Harnessing artificial intelligence to predict and control gene regulation
The human genome contains hundreds of thousands of enhancer sequences that switch our genes on and off when needed. Scientists have long tried to decipher the link between the enhancer sequence and its regulatory activity in the cell, with little success. The lab of Alexander Stark at the IMP has developed a deep learning model, DeepSTARR, which predicts enhancer activity from their DNA sequence with exceptional accuracy. The scientists extracted the rules learned by the model and used them to design synthetic enhancers with a desired level of activity. Their work is now published in the journal Nature Genetics.
Our genes provide the instructions to produce all the proteins that our bodies need to function. While all tissues in one body harbour the same genes, they do not use (or ‘express’) them uniformly. Genes in different tissues are activated on-demand thanks to regulatory DNA sequences called ‘enhancers’, which act as on-off switches on gene transcription.

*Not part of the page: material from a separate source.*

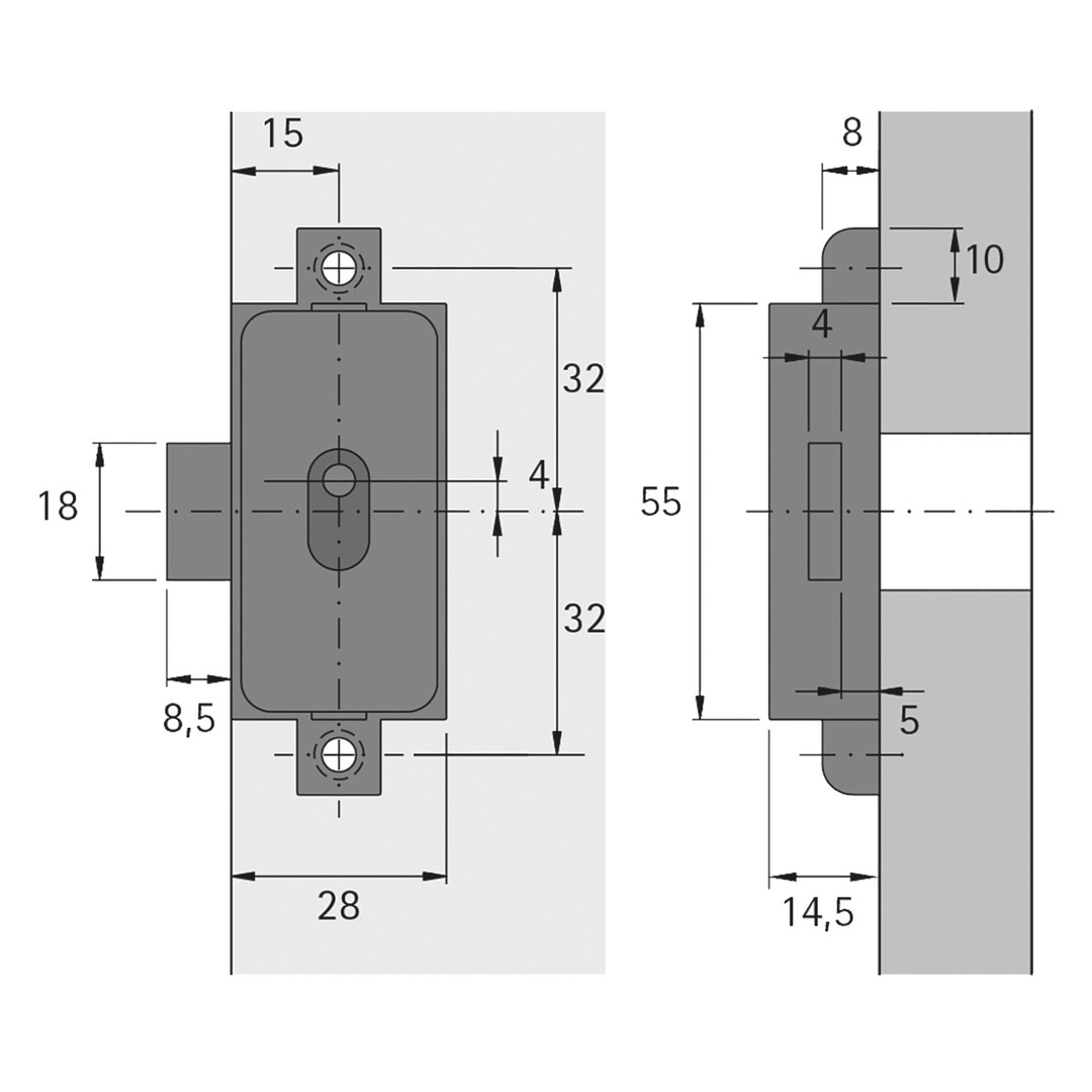 Drehstangenschloss, D 15, zum Anschrauben, rechts

The tissue-specific switching of genes is encoded in DNA’s famous four-letter alphabet, A, T, G, and C. Some hundred DNA letters specify the activation of a gene in a cell, in a coded language that scientists have struggled to decrypt. For decades, geneticists have tried to elucidate the rules that determine the connection between an enhancer’s sequence of DNA bases and its regulatory activity in the genome. Understanding how a sequence influences gene expression could allow researchers to create synthetic enhancers from scratch and control the expression of a gene of interest.
Scientists in the lab of Alexander Stark at the IMP have risen to the challenge and utilised artificial intelligence for the task. They developed a powerful deep learning model, called DeepSTARR, which can predict the activities of any enhancer sequence, and validated their model experimentally. The outcome was now published in the journal Nature Genetics.

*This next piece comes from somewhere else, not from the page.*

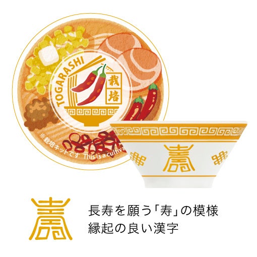唐辛子を育てる栽培キットで、パッケージには味噌ラーメンのイラストを描いています。

Taming the power of deep learning
Enhancers are made of a series of ‘motifs’ that are bound by specific types of proteins called transcription factors to activate gene transcription. Determining how each enhancer’s sequence and motifs encode its activity across an entire genome would be a herculean task, were it to be done manually. Instead, the Stark Lab has harnessed the potential of deep learning to unveil the rules that govern enhancer activity.
Deep learning models are a powerful technology suited to process large, raw datasets, and to identify the rules that optimise an output specified by the programmer. The researchers applied such a model to the genome of a type of fruit fly cell: they successfully identified enhancers and predicted enhancer activity from the arrangement of their As, Ts, Gs, and Cs.

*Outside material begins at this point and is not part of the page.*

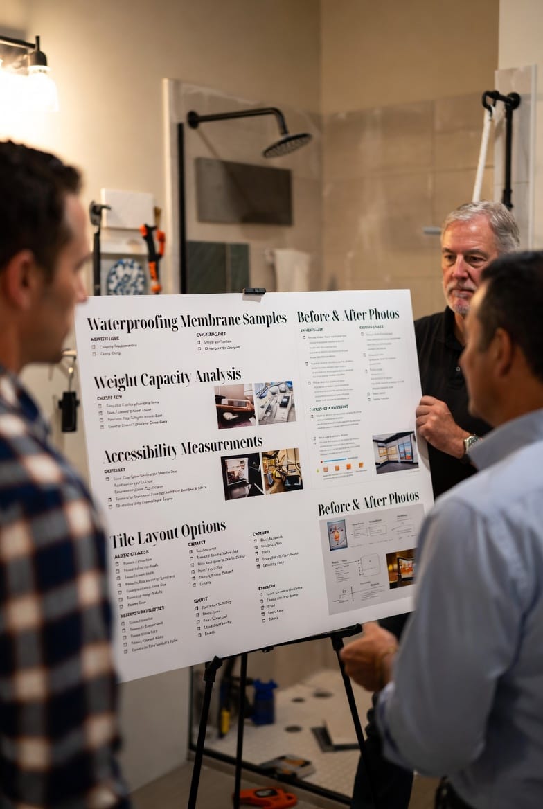 Professional shower bench installation follows a proven sequence that protects your investment.

“Motifs are a bit like words arranged in a particular order. By themselves, words give us some information about their meaning, but that meaning can change in the context of a sentence. Similarly, motifs need to be analysed within their context to understand how they orchestrate enhancer activity,” explains Bernardo de Almeida, Vienna BioCenter PhD student and first author of the study. “Our model was able to learn the ‘syntax’ rules of enhancer motifs to predict enhancer activity very accurately.”
“We expanded and validated our findings to find universal rules that would apply to other cell types, and to other species, including humans,” says Franziska Reiter, also Vienna BioCenter PhD student in the lab of Alex Stark. “There are few labs in the world that can develop powerful computational tools and directly validate them with real life experiments. Our lab is one of them.”
You can build, so you understand
To test the power of DeepSTARR, the scientists used its predictions to design and generate new enhancer sequences in fruit fly cells. They were able to customise the strength of the synthetic enhancer’s activity by following the rules that DeepSTARR had pinpointed. This shows that the model was able to learn the correct syntax rules of the enhancers’ mysterious ‘language’.
“The engineering of synthetic enhancers with desired properties provides unanticipated opportunities for controlling gene expression, with future applications for cell and gene therapy,” says de Almeida. “Our work shows the potential of deep learning models to learn the codes that rule the natural world at the smallest scales.”
“DeepSTARR achieves what I had come to do at the IMP since 2008. Our study demonstrates the power of combining computational biology and experimental work – an approach that sits at the heart of my lab’s philosophy," says Alex Stark. “Today is a very special day for me. I couldn’t be prouder of my lab for their creativity, hard work, and dedication.”
Bernardo P. de Almeida, Franziska Reiter, Michaela Pagani, Alexander Stark: "DeepSTARR predicts enhancer activity from DNA sequence and enables the de novo design of synthetic enhancers". Nature Genetics (2022). DOI: 10.1038/s41588-022-01048-5.